You need to know your unions from your intersections.

 

[pasmith]

However, I don't understand how $x ≥ 1 -\sqrt{5}$ and $x ≥ \sqrt{5} + 1$ can both be true. Because of that, I also don't understand how they got the domain.

Many thanks!

If |x| = 5, are both x = 5 and x = -5 true simultaneously?

 

[member 731016]

You need to know your unions from your intersections.

Thank you for your reply @PeroK!

I kind of remember, but it was from over a year ago now.

Many thanks!

 

[member 731016]

If |x| = 5, are both x = 5 and x = -5 true simultaneously?

Thank you for your reply @pasmith!

Yes I believe so (if we sub the values of x into the absolute value function).

Many thanks!

 

[pasmith]

Thank you for your reply @pasmith!

Yes I believe so (if we sub the values of x into the absolute value function).

Many thanks!

No, exactly one of those is true; x cannot satisfy both x = 5 and x = -5 simultaneously, because -5 \neq 5. But |x| = 5 will be true if either of those statements is true.
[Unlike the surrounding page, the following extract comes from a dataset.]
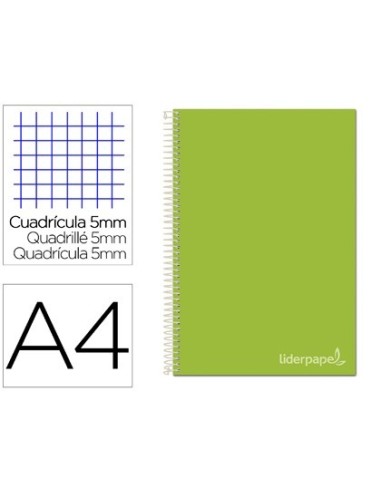 CUADERNO ESPIRAL LIDERPAPEL A4 MICRO JOLLY TAPA FORRADA 140H 75 GR CUADRO 5MM 5 BANDAS 4 TALADROS COLOR VERDE

Thus \{x : |x| = 5\} = \{-5\} \cup \{5\} = \{-5,5\}. How would you apply that logic to your problem?

 

[member 731016]

No, exactly one of those is true; x cannot satisfy both x = 5 and x = -5 simultaneously, because -5 \neq 5. But |x| = 5 will be true if either of those statements is true. Thus \{x : |x| = 5\} = \{-5\} \cup \{5\} = \{-5,5\}. How would you apply that logic to your problem?

Thank you for your reply @pasmith !

I will do some hard thinking and get back to you.

Many thanks!

 

[Mark44]

For this problem,
View attachment 323369
View attachment 323368
The solution is,
View attachment 323370
However, when I tried finding the domain myself:

$\{ x | x - 1 ≥ \sqrt{5}\}$ (Sorry, for some reason the brackets are not here) Now fixed..
$\{ x | x - 1 ≥ -\sqrt{5}\}$ and $\{ x | x - 1 ≥ \sqrt{5}\}$
$\{x | x ≥ 1 -\sqrt{5} \}$ and $\{ x | x ≥ \sqrt{5} + 1\}$

However, I don't understand how $x ≥ 1 -\sqrt{5}$ and $x ≥ \sqrt{5} + 1$ can both be true. Because of that, I also don't understand how they got the domain.
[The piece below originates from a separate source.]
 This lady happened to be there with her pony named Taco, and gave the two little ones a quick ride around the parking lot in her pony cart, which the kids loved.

1. The reason the braces disappeared is that they are special characters in TeX that are used for multiple purposes (e.g., exponents, fractions, subscripts, etc.). If you need to display a left or right brace, precede it with a slash. That's what I did for the brace pairs in what you wrote above.
2. As already mentioned, the author did not write $x ≥ 1 -\sqrt{5}$ and $x ≥ \sqrt{5} + 1$. The symbol they used was $\cup$ or union, which corresponds to "or" not "and."

 

[member 731016]

1. The reason the braces disappeared is that they are special characters in TeX that are used for multiple purposes (e.g., exponents, fractions, subscripts, etc.). If you need to display a left or right brace, precede it with a slash. That's what I did for the brace pairs in what you wrote above.
2. As already mentioned, the author did not write $x ≥ 1 -\sqrt{5}$ and $x ≥ \sqrt{5} + 1$. The symbol they used was $\cup$ or union, which corresponds to "or" not "and."

Aah, ok. Thank you for your reply @Mark44!

I'll do some more thinking.

Many thanks!

 

[SammyS]

Aah, ok. Thank you for your reply @Mark44!

I'll do some more thinking.

Many thanks!

What is it that you are thinking about ?

 

[Mark44]

However, when I tried finding the domain myself:
${ x | x - 1 ≥ \sqrt{5}}$ (Sorry, for some reason the brackets are not here)
${ x | x - 1 ≥ -\sqrt{5}}$ and ${ x | x - 1 ≥ \sqrt{5}}$
${x | x ≥ 1 -\sqrt{5} }$ and ${ x | x ≥ \sqrt{5} + 1}$

However, I don't understand how $x ≥ 1 -\sqrt{5}$ and $x ≥ \sqrt{5} + 1$ can both be true.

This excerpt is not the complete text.